Несмотря на выказанное раскаяние, Хуан Суарес так и не признался в том, какова была подоплека его дружбы с Феликсом де Оржеле; это, впрочем, мало занимало Кортеса, который теперь был облечен властью законного повелителя Мексики. Единственное, что его волновало, — не был ли его свояк замешан в заговоре против императора.
Не найдя подтверждения своим подозрениям и решив, что Тристану для подготовки ограбления было, видимо, достаточно таких сообщников, как Альдерете и Нарваэс, Кортес позволил Суаресу отправиться на Кубу в любой момент, когда тот пожелает. Кортес и не подозревал, что злоба его свояка открыла двери его дома перед Феликсом де Оржеле, который, быть может, и не проник бы туда, если бы Суарес не предложил ему поухаживать за своей сестрой, надеясь тем самым повредить Кортесу.
Получив разрешение уехать, Хуан Суарес рассыпался в благодарностях и, без промедления собрав веши, на следующий же день со своей матерью и доньей Франсиской отправился в Сан-Хуан-де-Улуа, чтобы на первом корабле отплыть на Кубу.
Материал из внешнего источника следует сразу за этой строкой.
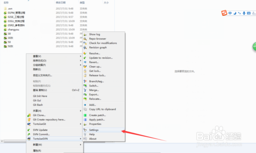1.首先在你SVN項(xiàng)目所在文件夾右鍵,找到TortoiseSVN,然后選擇里面的“Setting”,如圖所示。

Кортес не ожидал, что донья Франсиска уедет с ними, он имел веские основания предполагать, что между ней и Гонсало де Сандовалем будет заключен брак, однако же это расходилось с намерениями ее брата, чьи слова благодарности и похвалы в адрес Кортеса были продиктованы не искренним чувством, а хитростью и страхом, как бы губернатор не взял своих слов назад и не задержал их в Мексике. В глубине души Хуану Суаресу весьма не нравились нежные отношения, возникшие между его сестрой и капитаном, правой рукой Кортеса. Он надеялся, что в один прекрасный день и капитан, и его командир будут все же повешены. И эта надежда не покидала его, несмотря на то что император подтвердил назначение Кортеса губернатором и верховным властителем Новой Испании: для Суареса же он по-прежнему оставался мятежником, восставшим против законной власти Диего де Веласкеса.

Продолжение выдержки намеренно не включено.